É na sutileza dessas convenções que Jolie, curiosamente, cresce como diretora. A narrativa de Loung Ung, interpretada pela expressiva atriz iniciante Sareum Srey Moch, é, por si só, potente; logo, não demanda recursos como música redundante para intensificar tensões, flashbacks explicativos logo após diálogos expositivos sobre os mesmos ou tomadas gerais com cara de “olha que drone legal que eu consegui para o filme”. Quando Jolie opta por usar esses recursos, para só citar três exemplos, são justamente os momentos em que o filme se enfraquece e descamba para a dúvida sobre a capacidade do espectador de interpretar o que assiste. Pior: ao invés de destacar aquilo que quer ressaltar, acaba por tirar o impacto por tratar o fato como clichê cinematográfico.

Por isso, quando a câmera se estabiliza e quase ameaça se distanciar, é quando o filme ganha maior força e a direção parece ter mais certeza do que quer e faz. Também casa muito bem com temas subjacentes do longa, como os processos de desumanização e perda de individualidade através da doutrinação político-ideológica. Nesse sentido, é especialmente interessante o ponto de vista de Loung, que, ainda que repleto de lacunas, permite com que nos identifiquemos com os elementos básicos de emoção na narrativa com olhos ainda “inocentes”. Com isso, coisas básicas como a separação da família, a fome e o constante medo da vigilância conseguem se destacar mais que as falhas do filme.

Detalhes aqui colocados como negativos conseguem, provavelmente, passar despercebidos para o espectador médio, imerso que ele fica na triste trama da pequena. Ainda que bem longo – o filme tem mais de duas horas de duração – “First they killed my father” apresenta um roteiro que dá conta de manter bons pontos de interesse mesmo quando as escolhas de direção já citadas consomem tempo de forma desnecessária. Não deixa de ser um feito digno de nota para Jolie, que assina o roteiro junto a própria Loung Ung, que escreveu o livro de memórias em 2000 no qual o filme se baseia.

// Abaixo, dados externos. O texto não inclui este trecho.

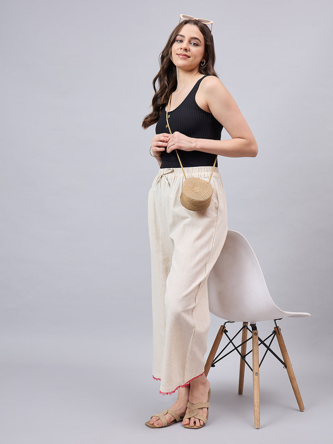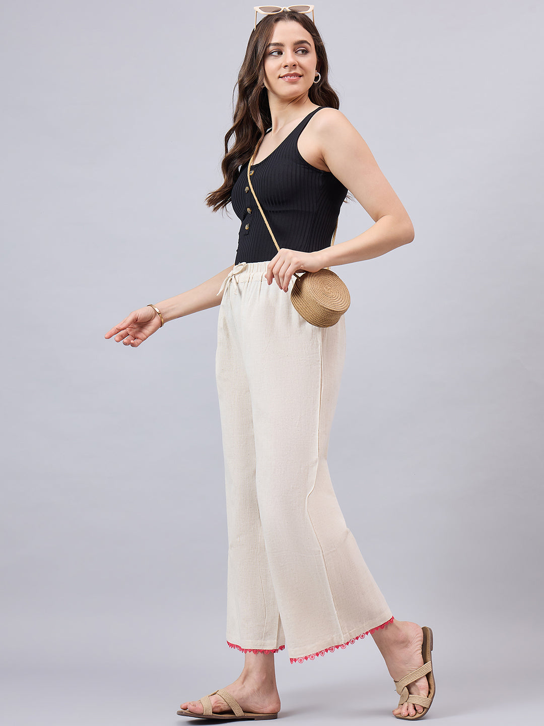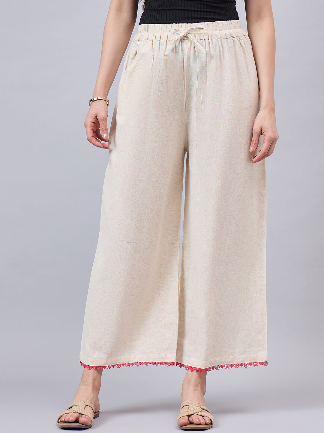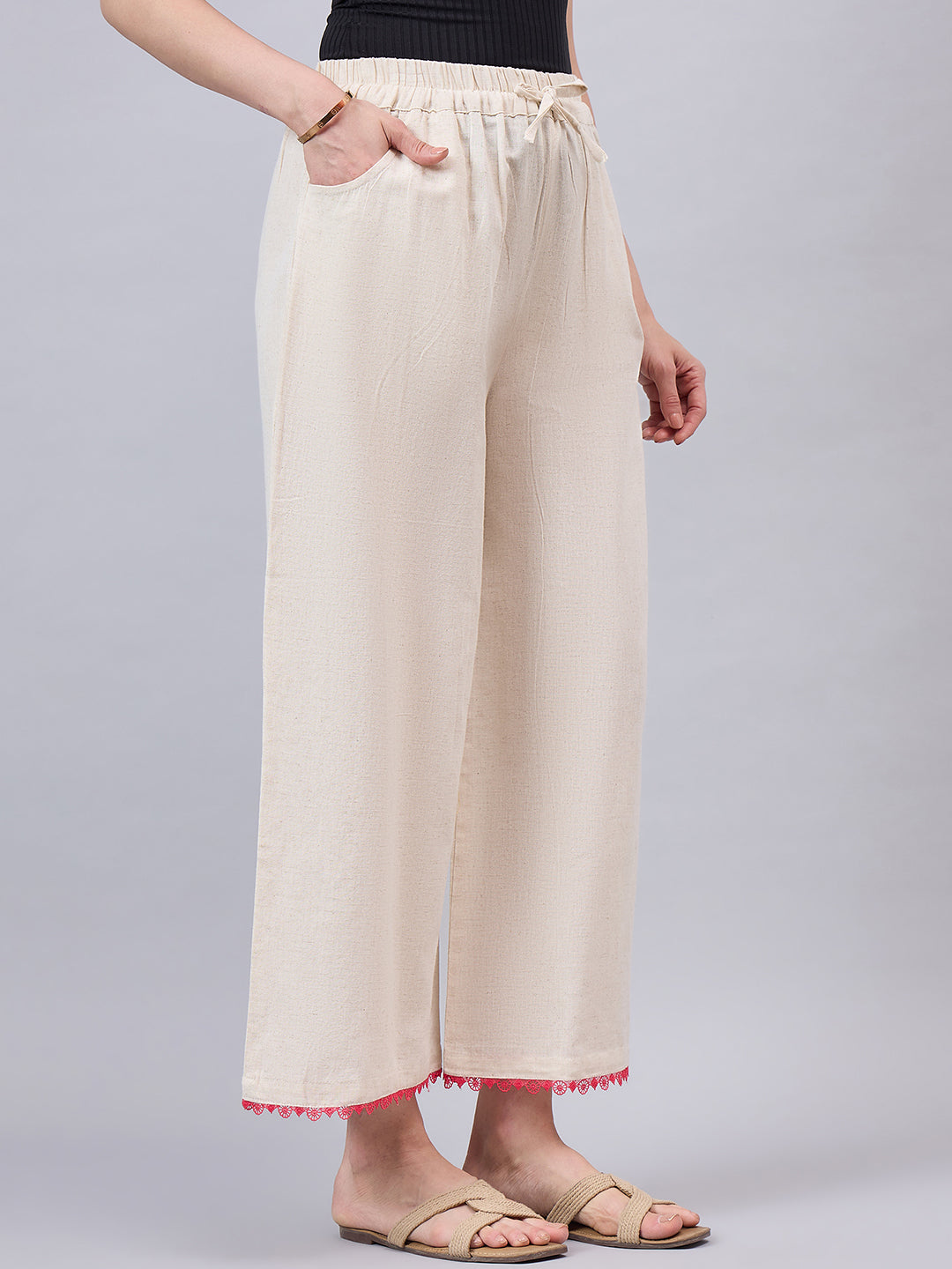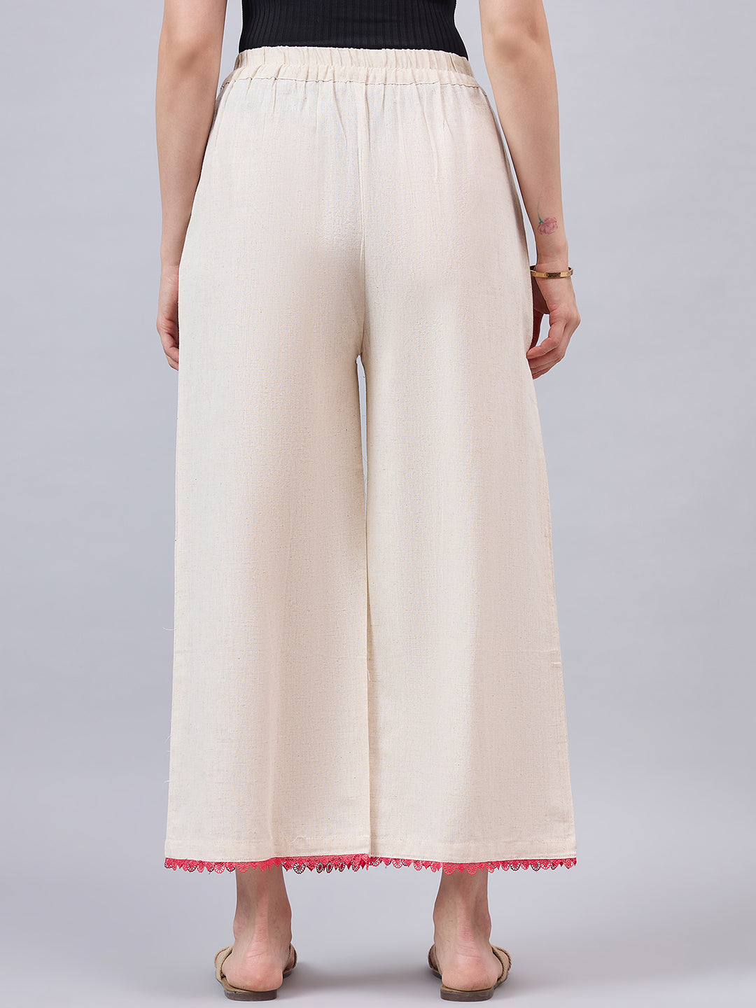 Cotton Palazzo With Pink Lace Detailing

Com “First they killed my father”, o bom produto final carece de maior profundidade, ficando aquém de um “Os gritos do silêncio” (The Killing Fields, Roland Joffé, 1984), por exemplo. Ainda assim, o indicado cambojano a uma vaga de Melhor Filme Estrangeiro no Oscar 2018 tem méritos, como incitar à reflexão sobre a temática, ainda que seja através do nome (conhecido em outras searas) de sua diretora, tal como tornar palatável um assunto que, a princípio, não chamaria atenção tão facilmente do público em geral.